● GOAL OF THE EXERCISE
With pictures removed, the data below should be returned exactly.

====== PROVIDED MATERIAL ======

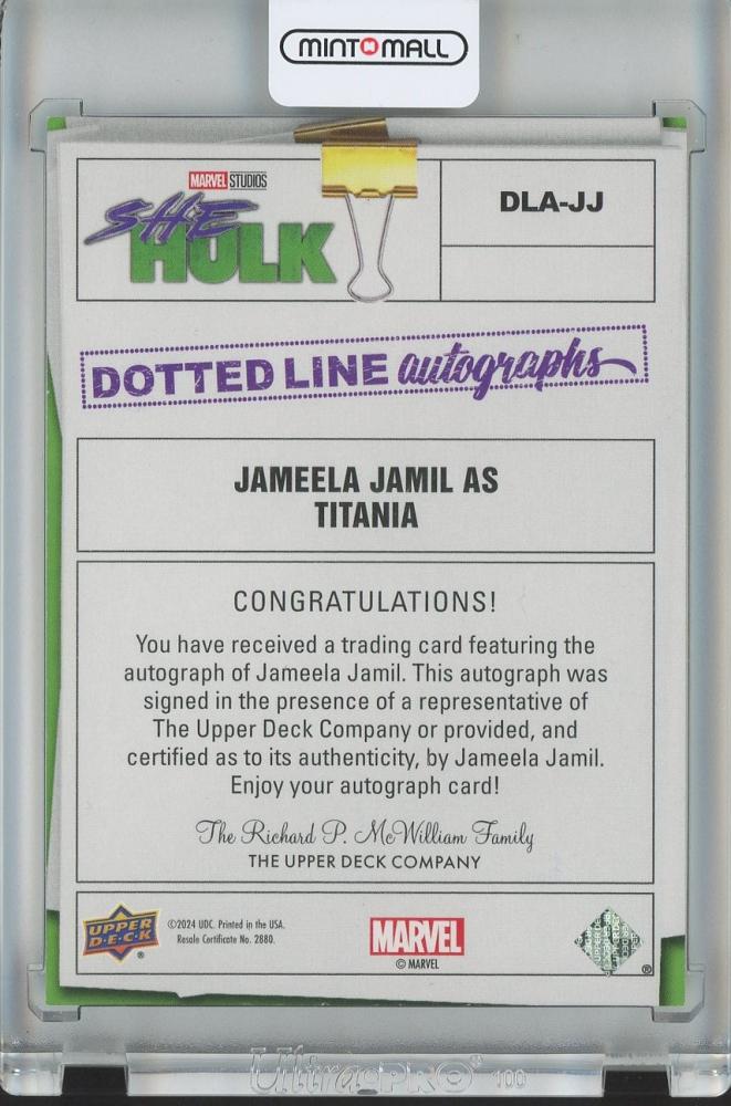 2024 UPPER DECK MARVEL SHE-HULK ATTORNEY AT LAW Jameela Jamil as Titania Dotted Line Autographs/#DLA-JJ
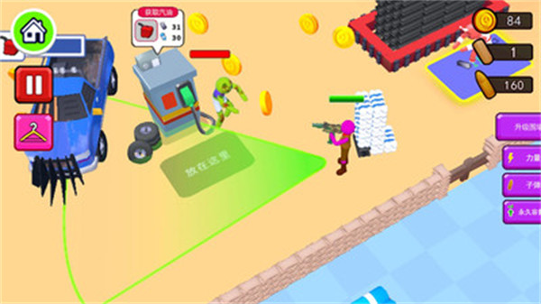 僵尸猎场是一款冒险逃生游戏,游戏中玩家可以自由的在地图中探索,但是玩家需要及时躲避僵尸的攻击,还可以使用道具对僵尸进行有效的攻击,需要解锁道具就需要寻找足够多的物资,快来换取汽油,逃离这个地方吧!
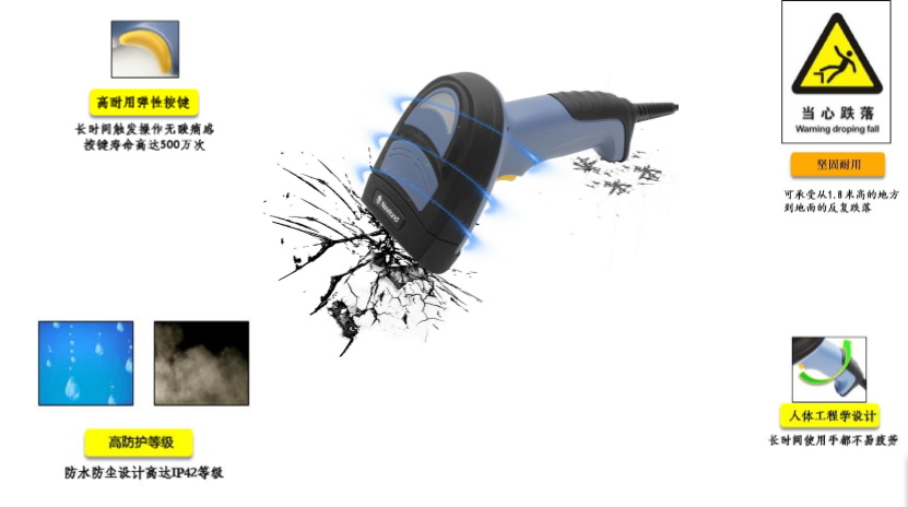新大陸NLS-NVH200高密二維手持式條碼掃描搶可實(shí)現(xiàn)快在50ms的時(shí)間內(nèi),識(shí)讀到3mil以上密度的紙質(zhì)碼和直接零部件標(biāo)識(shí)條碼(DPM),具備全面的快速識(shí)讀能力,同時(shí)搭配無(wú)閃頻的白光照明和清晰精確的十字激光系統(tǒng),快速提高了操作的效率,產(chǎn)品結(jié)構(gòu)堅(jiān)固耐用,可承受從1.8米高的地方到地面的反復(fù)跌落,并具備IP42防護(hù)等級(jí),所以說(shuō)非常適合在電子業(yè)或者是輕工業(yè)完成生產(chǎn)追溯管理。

======

● EXERCISE ANSWER
 2024 UPPER DECK MARVEL SHE-HULK ATTORNEY AT LAW Jameela Jamil as Titania Dotted Line Autographs/#DLA-JJ
 僵尸猎场是一款冒险逃生游戏,游戏中玩家可以自由的在地图中探索,但是玩家需要及时躲避僵尸的攻击,还可以使用道具对僵尸进行有效的攻击,需要解锁道具就需要寻找足够多的物资,快来换取汽油,逃离这个地方吧!
新大陸NLS-NVH200高密二維手持式條碼掃描搶可實(shí)現(xiàn)快在50ms的時(shí)間內(nèi),識(shí)讀到3mil以上密度的紙質(zhì)碼和直接零部件標(biāo)識(shí)條碼(DPM),具備全面的快速識(shí)讀能力,同時(shí)搭配無(wú)閃頻的白光照明和清晰精確的十字激光系統(tǒng),快速提高了操作的效率,產(chǎn)品結(jié)構(gòu)堅(jiān)固耐用,可承受從1.8米高的地方到地面的反復(fù)跌落,并具備IP42防護(hù)等級(jí),所以說(shuō)非常適合在電子業(yè)或者是輕工業(yè)完成生產(chǎn)追溯管理。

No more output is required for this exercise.